Не отвечает Круглов. Отвернувшись к окну, ломая спички, закуривает. Штейнберг подходит, кладет руку на плечо.
– Юра, – говорит он медленно. – Выслушай внимательно. Нам остается только один выход…
Вера Никандровна в своей маленькой кухне готовит праздничный пирог.
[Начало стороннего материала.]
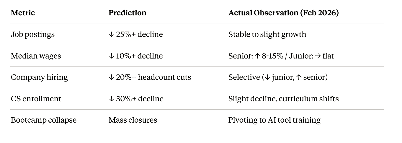 MetricPredictionActual Observation (Feb 2026)Job postings↓ 25%+ declineStable to slight growthMedian wages↓ 10%+ declineSenior: ↑ 8-15% / Junior: → flatCompany hiring↓ 20%+ headcount cutsSelective (↓ junior, ↑ senior)CS enrollment↓ 30%+ declineSlight decline, curriculum shiftsBootcamp collapseMass closuresPivoting to AI tool training

Ей помогает пятилетняя дочка – хорошенькая наивная мордашка, большой белый бант в русых волосах. Дочка, высунув в старательном рвении розовый язык, выкладывает тесто в круглом поддоне нарезанными кружками яблок.
Вера Никандровна зажигает газ в духовке и оборачивается к дочери:
– Все, Галочка?
– Сейчас, мам. Вот еще маленький кусочек остался.
Пирог посажен в духовку. Теперь можно присесть отдохнуть. Вера Никандровна смотрит на часы: начало седьмого. За окном темнеет по-весеннему: к извечной зимней петербургской серости добавлено немного синевы.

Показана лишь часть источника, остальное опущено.